伸筋もそうですが、やはり一般的な奏法では当たり前のように指の関節で支えてしまい、同様の理由で、絶対に音は飛ばず、響きの層もできず、すなわち豊かな倍音は出ません。


それを何とか早く回避する、すなわち屈筋のみを使い、屈筋のみで支えられるようにするための「荒療治」の方法がいくつかあります。


その1つは、関節を放棄して、指を伸ばしきった状態で練習することです。そうすることによって、伸筋も使いませんし、関節でも支えられなくなるのです。ただ、これは少々難しいことで、今まで弾けていた音型が弾き辛くなるという難点がありますが、効果はあるようです。ただ、ある程度、屈筋で支えることを行ってきて、すでに強い屈筋がないと、まったく弾けませんので、いきなり行っても無理です。

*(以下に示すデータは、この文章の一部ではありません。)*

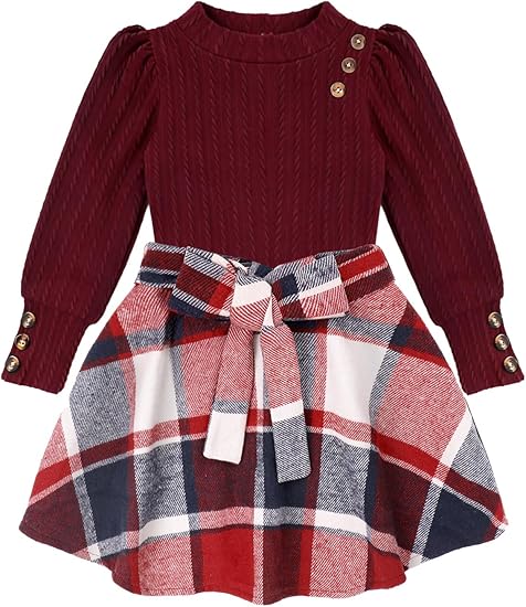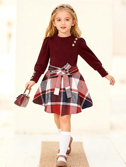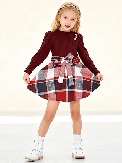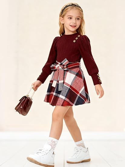 Be the first to review “Girls Skirt Sets Fall Outfits Puff Sleeve Crewneck Ribbed Knit Tops and Plaid Skirt Set Kids Fall Winter Clothes(Red)”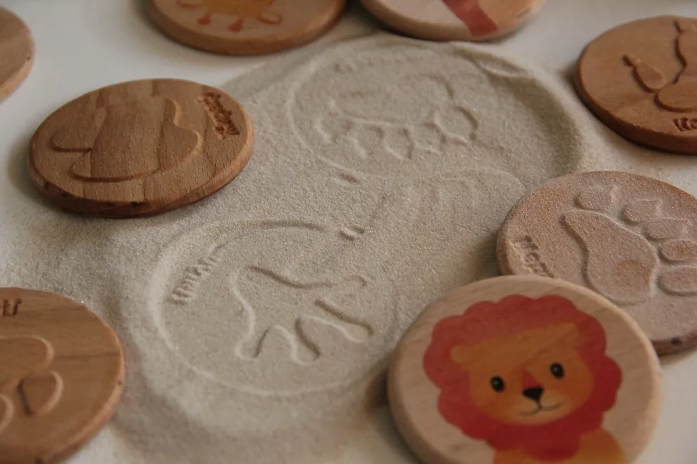 Следы на эко-фишках — объемные. Можно отпечатывать их на песке или пластилине, как будто здесь недавно пробежало настоящее животное! Вы увидите в какой неописуемый восторг придет ваш малыш, увидев след оленя, льва или даже настоящего медведя!

ほかの方法として、例えばある一定期間、まったくピアノを弾かないようにします。個人差はありますが、2週間も弾かないでいると、指の筋肉が落ちてしまい、弾けなくなってしまいます。この筋肉が落ちてしまった状態、すなわち伸筋が落ちてしまった状態を作ることにより、伸筋を使おうと思っても筋肉が落ちてしまっているので使えないわけです。そこで正しい使い方である、屈筋のみを使いやさしい曲から徐々に弾いていくのです。


ほかにもいろいろな方法がありますが、今挙げた方法は「荒療治」といえる方法です。普通に弾きながら、少しずつ使う筋肉を変えていく、その感覚を養うことができ、そして、実際に伸筋が落ちて、屈筋が強くなり、関節ではなく屈筋のみで支えられ、弾けるようになりますが、最低でも5,6年かかります。これには、教師も生徒も忍耐が必要になります。私は今まで、約250人程度の生徒たちと出会ってきましたが、これが出来るようになったのは、たったの5,6人です!難しいことなのですね!


このことを認識されていて、なおかつ生徒に実践させる教師は、残念ながらモスクワ音楽院でも少数派のようです。ですからモスクワに留学したといっても、残念ながら、そのような指導をされずに、響きは変わらず、重力奏法が何たるか?を知らずして帰国している方は大勢いるように感じます。